Image source: Getty Images

Some people have gotten rid of cable to save money on their monthly expenses. Many TV manufacturers, including Google, provide built-in digital channels to give their customers access to free content as a perk. Google recently added 800+ free channels to its Google TV app. Could this news give you the perfect excuse to ditch cable for good?

Consumers favor streaming content

Many consumers are getting rid of cable and subscribing to streaming services to watch the movies and television shows they enjoy. But as the cost of these services rise, it can feel like the savings are nonexistent. After subscribing to several paid streaming services, you may spend more than you did when you had cable. If you relate to this, it may be time to consider using free streaming services.

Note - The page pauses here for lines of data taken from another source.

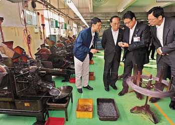 曾蔭權12日與香港5大商會代表舉行早餐會,聽取他們對企業方面的意見,下午即前往東莞實地考察當地港商的情況。他在東莞市長李毓全的陪同下,先到東莞鳳崗鎮一間五金制品廠參觀,該港資企業于1977年成立,聘有千多名員工,接著與約20名珠三角港資企業代表舉行座談會,進一步了解他們現時面對的營運困難。返回香港后,他于傍晚舉行記者會。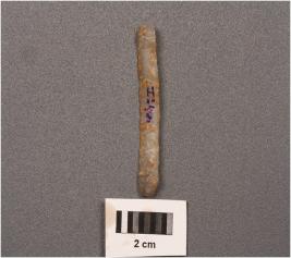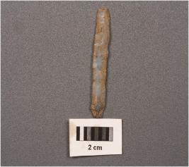 | Description / विवरण | Chalcedony parallel sided blade with mid ridge on dorsal surface. |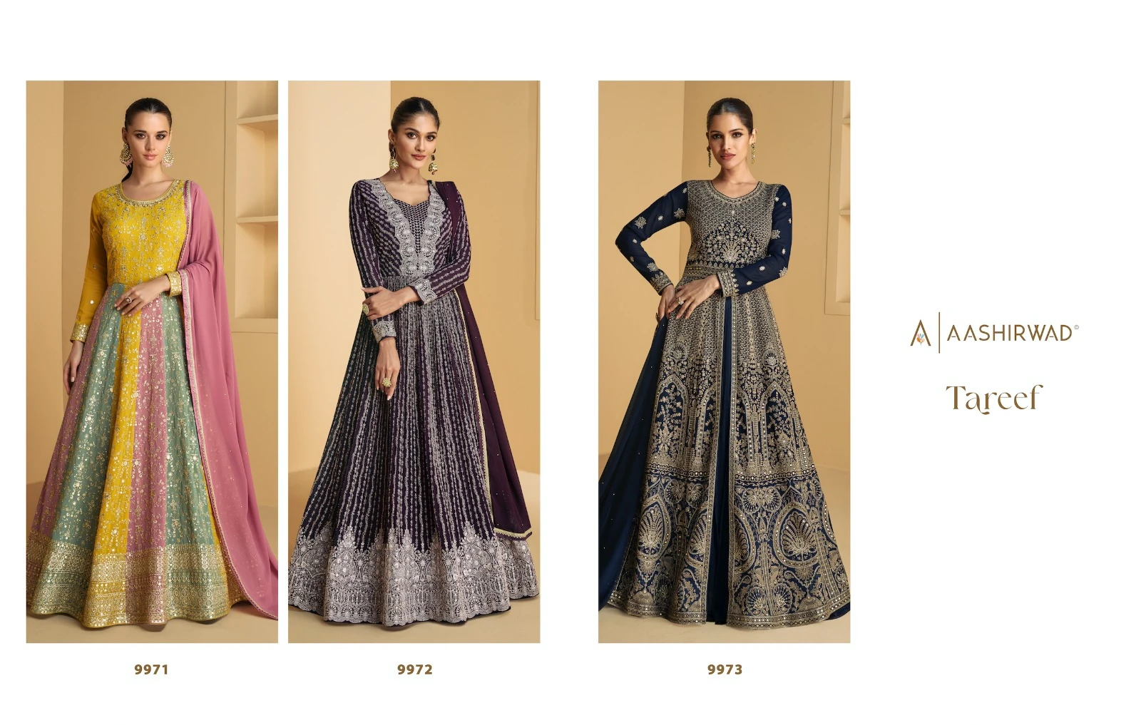 Aashirwad Tareef Real Georgette Wholesale Partywear Gown with Dupatta Catalog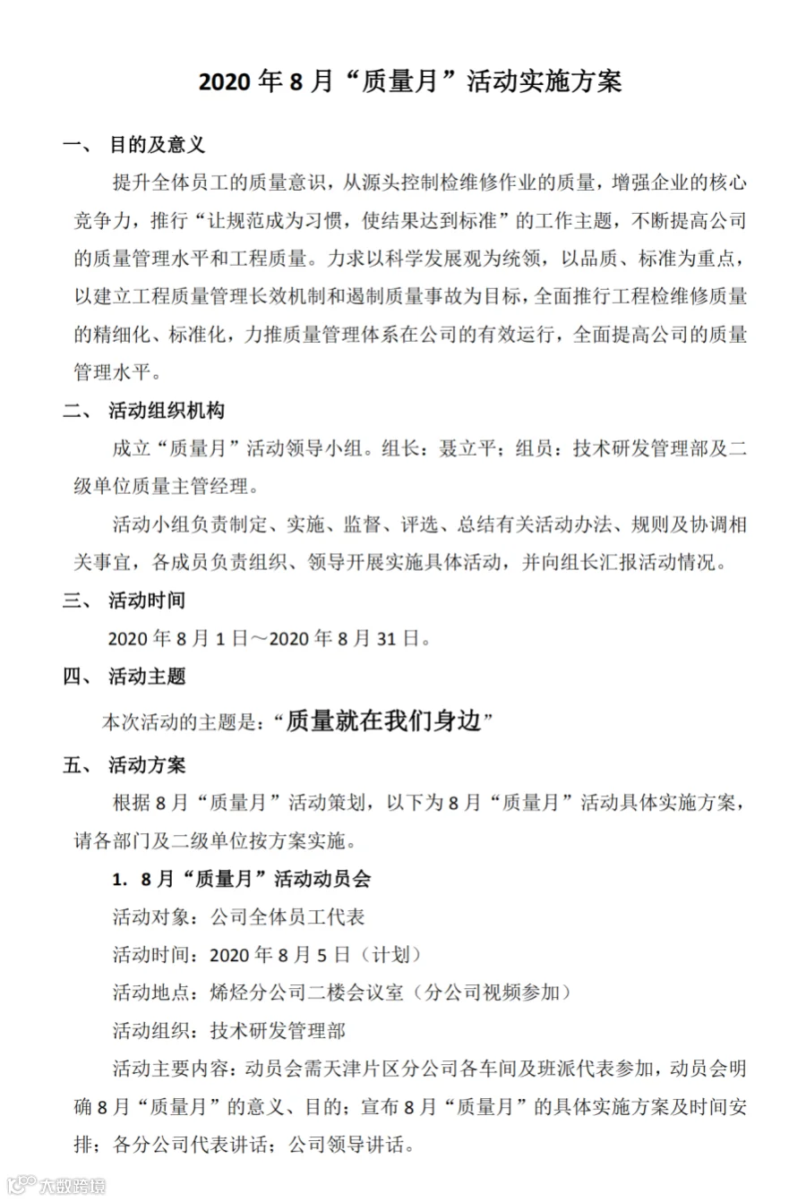 9月,为期一个月的质量月活动圆满落下帷幕。为确保“质量月”活动发挥实效,前期公司技术研发管理部结合公司实际情况制定了详细的“质量月”活动方案。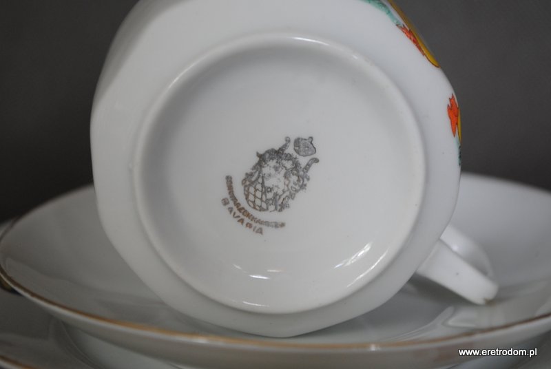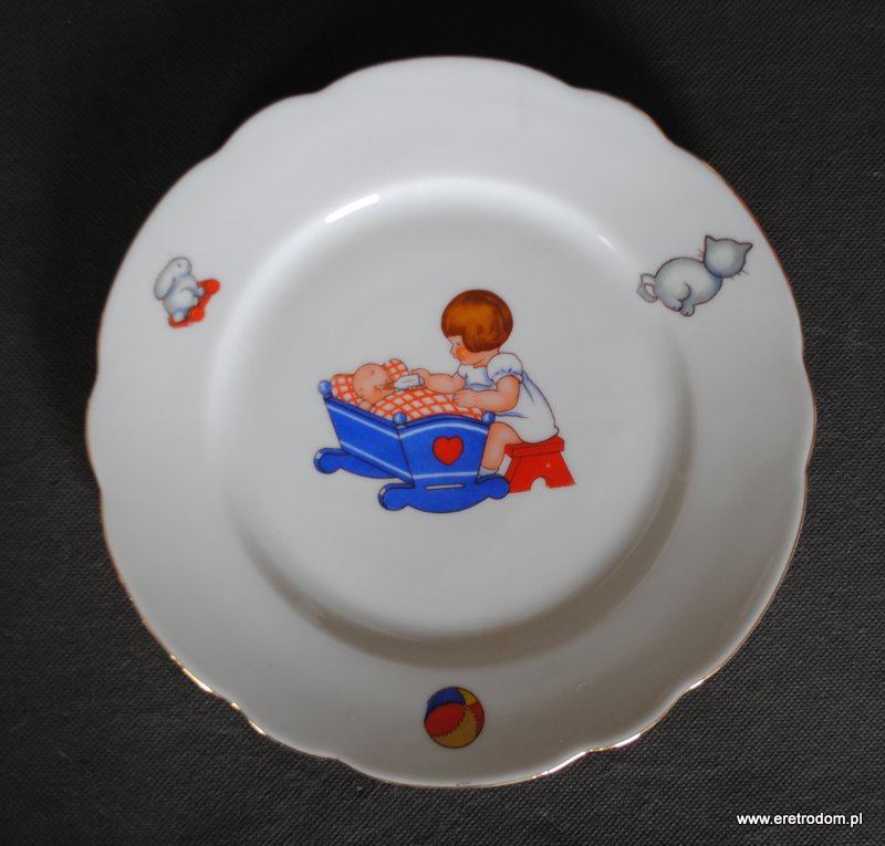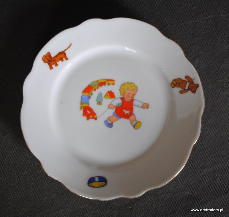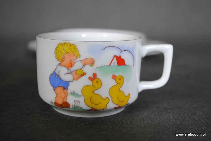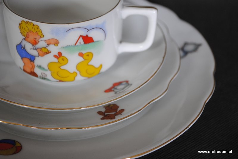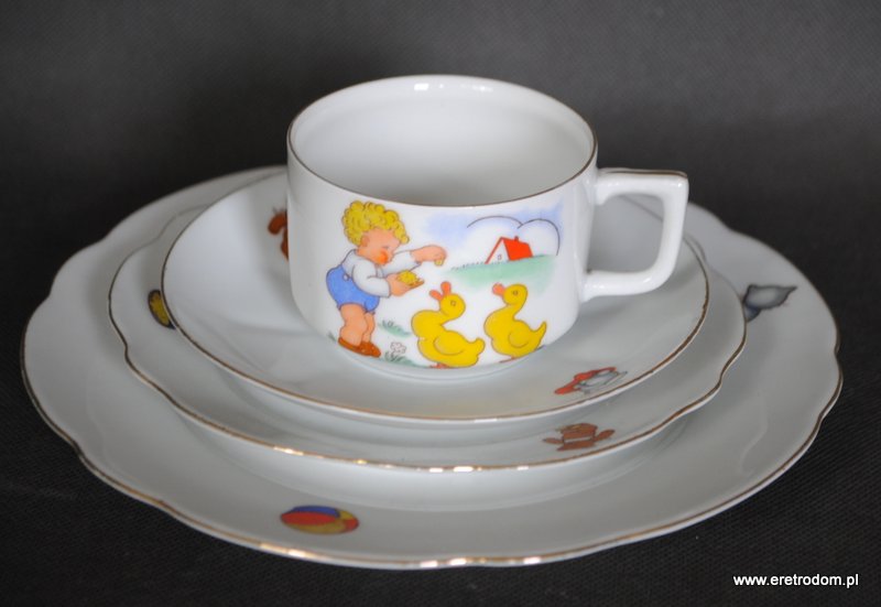 Uroczy komplet dziecięcy składający się z 4 elementów. Wyprodukowany w latach 1905-1923 przez Porzellanfabrik Schumann & Schreider. Biała porcelana ozdobiona dziecięcymi kalkami.

Google TV now offers 800+ free channels

On April 11, 2023, Google announced it would add more free channels to the Google TV app. The tech company wants to make it easier for TV watchers to find free live-streaming offerings quickly. In addition to existing free channels from Pluto TV, the brand will integrate access to free channels from Tubi, Plex, and Haystack.

These channels will be easily accessible in the Live tab. Google noted it would also launch its own free built-in channels that can be accessed without downloading or accessing an app. With the change, customers can access over 800 live channels, including NBC, ABC, CBS, and Fox.

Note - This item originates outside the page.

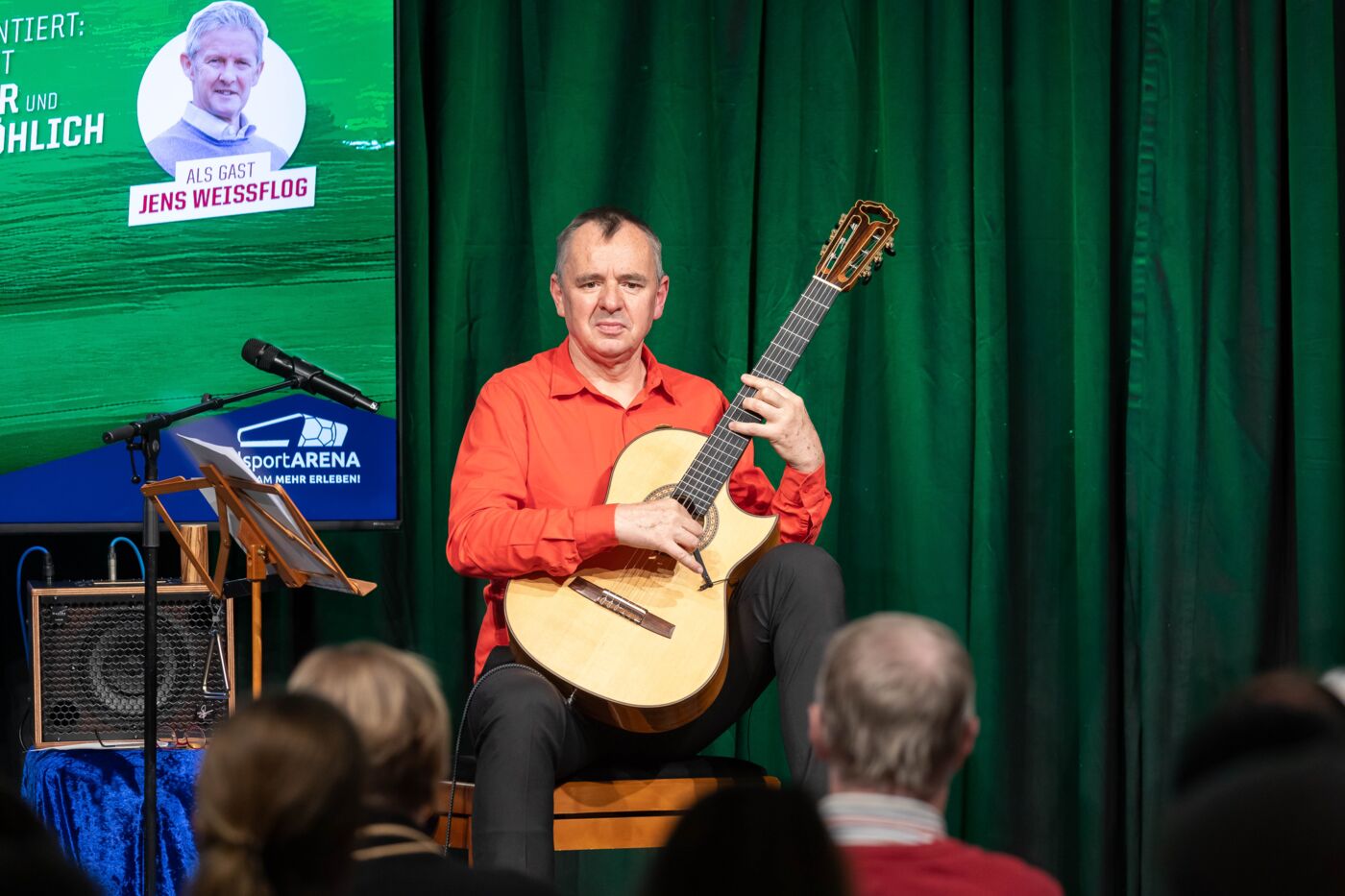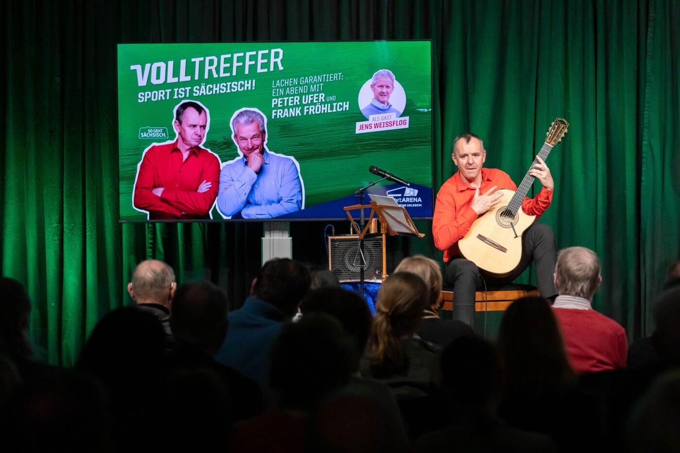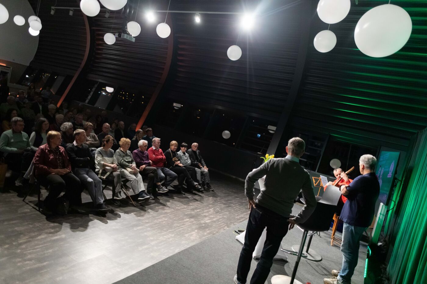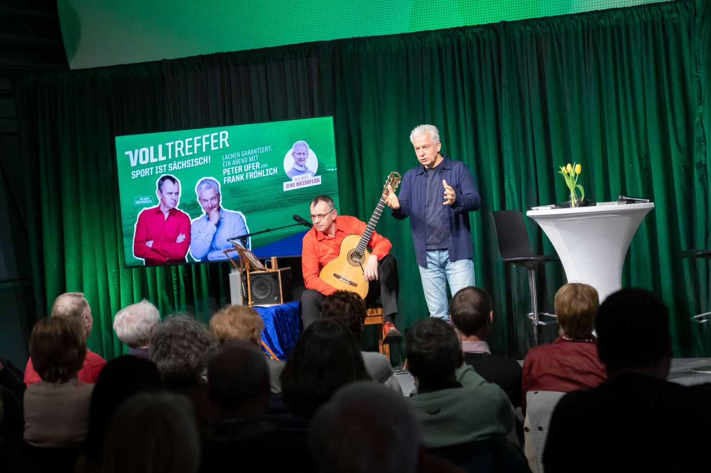 Moderator Peter Ufer führte gemeinsam mit Musiker Frank Fröhlich durch ein unterhaltsames Programm, das irgendwo zwischen Talk, Lesung und Musik angesiedelt war – und dabei vor allem eines schaffte: Nähe.

These new capabilities will make it easier for consumers to access more content free of charge. According to Google, these offerings will be available in the coming weeks. All Google TV devices in the United States, including Chromecast with Google TV and TVs with Google TV built-in, would have access to these free channels.

Four ways to save money on paid streaming services

This is likely welcome news if you enjoy streaming content and have a Google TV or use the Google TV app. With more live TV channels included, you’ll have more entertainment variety. But you likely won’t want to give up all of your paid streaming services. Here are some ways you can save money on streaming expenses.

Don’t ignore free trials: Before paying for a new streaming service, check to see if a free trial is available. A free trial period is an excellent way to test a service before you spend money and commit to the continued expense.Rotate streaming services: It can be impossible to watch every show and movie available when you pay for multiple streaming services simultaneously. Rotating streaming apps can help you save money and maximize the value you get from each service while each subscription is active.Bundle services to get a deal: Several streaming companies offer bundles allowing subscribers to access multiple streaming services for a discounted price. A bundled streaming plan can give you more variety without breaking your budget.Put your credit card perks to use: Some rewards credit cards include monthly streaming service credits as a benefit. These credits can help you keep more money in your checking account and make your cards more valuable.

Don’t ignore freebies

If you want to save money on monthly entertainment expenses, don’t ignore free live TV channels. When paired with a streaming service or two, these channels could provide all the entertainment you need and give you the perfect excuse to ditch cable. Check out our personal finance resources if you’re looking for more ways to save money.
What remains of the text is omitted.